PROVIDED DATA
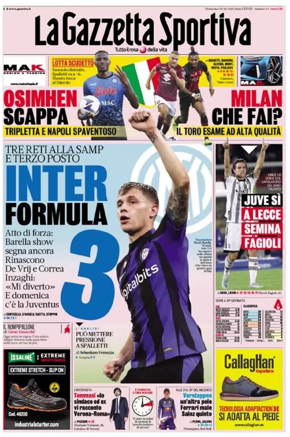 "Milan, che fai?": è il titolo della prima pagina odierna de la Gazzetta dello Sport in taglio alto. Sulla rosea si legge che sarà "un esame ad alta qualità" quello di questa sera contro il Torino per la squadra di Pioli.
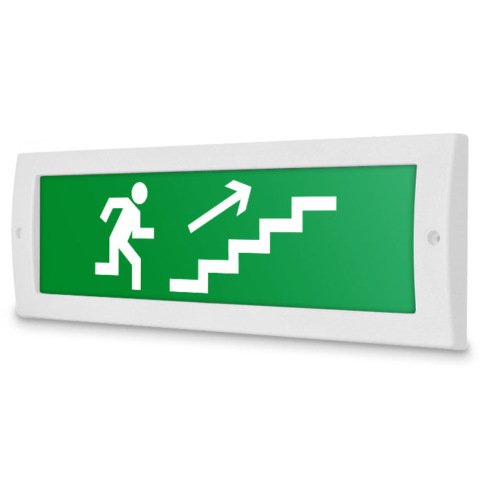 Световое табло «Направление к эвакуационному выходу по лестнице вверх (правосторонний)», Молния (12В) в Курске купить
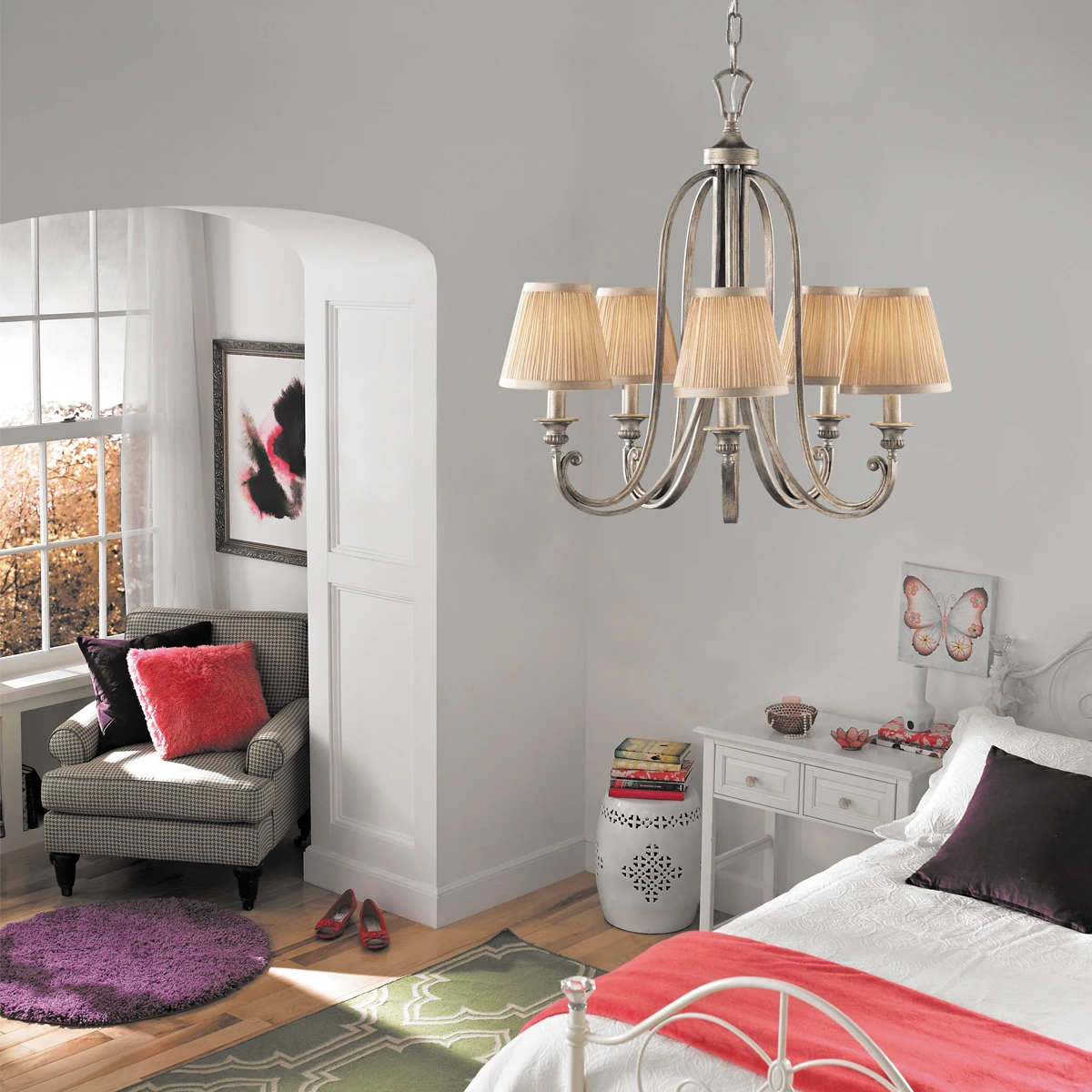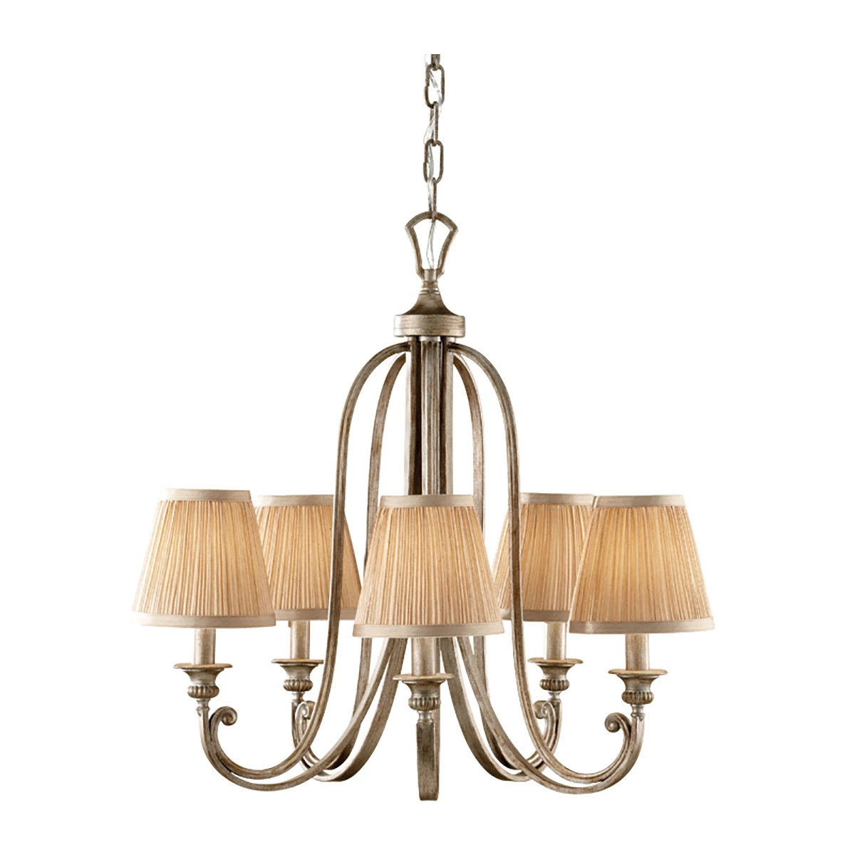 Люстра Elstead Lighting FE-ABBEY5. Украшен плиссированными абажурами и представлен в мягкой отделке «сусальное золото», которая наносится на корпус вручную. Светильник создан под влиянием архитектуры монастырей, и выполнен в классическом современном стиле, который подходят под разные варианты установки. Ллюстру можно повесить как потолочную. Основание выполнено в цвете - Сусальное золото. Можно использовать при освещении гостинной, кухни, спальни, столовой. Цепь 1525 мм в комплекте
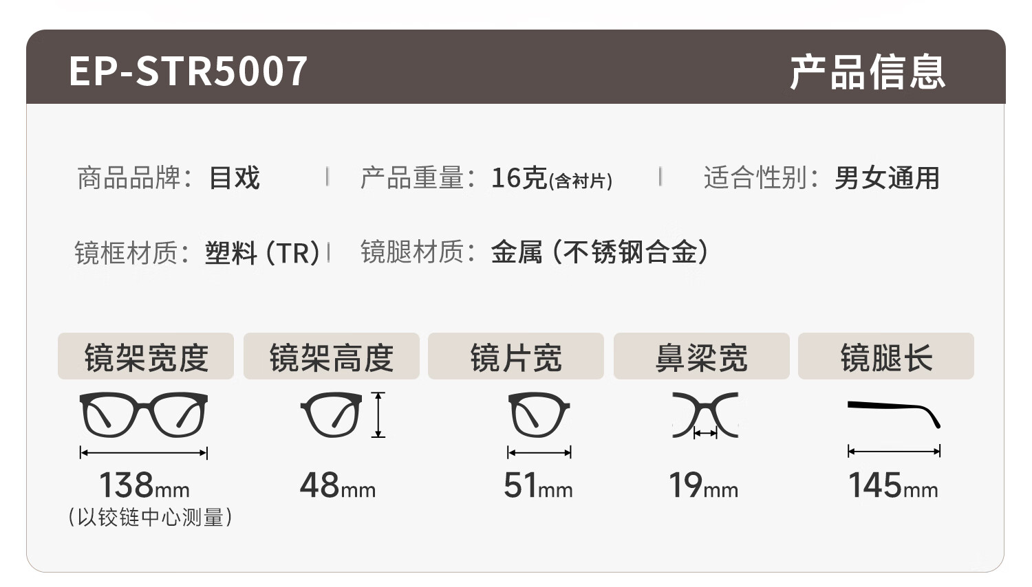 万新(WAN XIN)近视眼镜配眼镜框防蓝光非球面男女组合镜框多种框型选择宝岛配镜 5007-冷茶色-轻盈TR框 1.67多屏防蓝光片【300-700度】
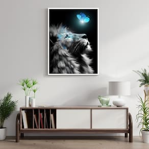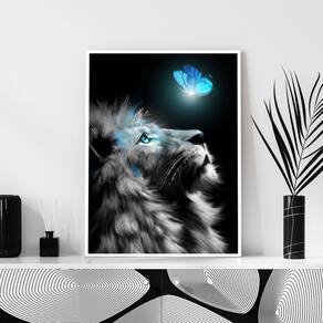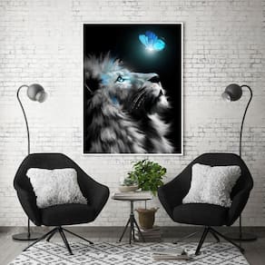 Prepara-se para transformar seu espaço com nosso quadro decorativo de leão, uma peça única que é ideal para quem curte decoração minimalista para sala de estar, quarto ou até mesmo para entrada de hall e escritório. A combinação do leão com a borboleta vibrante é como força e beleza dançando juntas. E o melhor: o nosso quadro com leão olhando para a borboleta é feito com materiais de alta qualidade e com entrega rápida.

PROBLEM DESCRIPTION
Each entry should be output word for word, with no pictures carried over.

FINISHED EXERCISE
 "Milan, che fai?": è il titolo della prima pagina odierna de la Gazzetta dello Sport in taglio alto. Sulla rosea si legge che sarà "un esame ad alta qualità" quello di questa sera contro il Torino per la squadra di Pioli.
 Световое табло «Направление к эвакуационному выходу по лестнице вверх (правосторонний)», Молния (12В) в Курске купить
 Люстра Elstead Lighting FE-ABBEY5. Украшен плиссированными абажурами и представлен в мягкой отделке «сусальное золото», которая наносится на корпус вручную. Светильник создан под влиянием архитектуры монастырей, и выполнен в классическом современном стиле, который подходят под разные варианты установки. Ллюстру можно повесить как потолочную. Основание выполнено в цвете - Сусальное золото. Можно использовать при освещении гостинной, кухни, спальни, столовой. Цепь 1525 мм в комплекте
 万新(WAN XIN)近视眼镜配眼镜框防蓝光非球面男女组合镜框多种框型选择宝岛配镜 5007-冷茶色-轻盈TR框 1.67多屏防蓝光片【300-700度】
 Prepara-se para transformar seu espaço com nosso quadro decorativo de leão, uma peça única que é ideal para quem curte decoração minimalista para sala de estar, quarto ou até mesmo para entrada de hall e escritório. A combinação do leão com a borboleta vibrante é como força e beleza dançando juntas. E o melhor: o nosso quadro com leão olhando para a borboleta é feito com materiais de alta qualidade e com entrega rápida.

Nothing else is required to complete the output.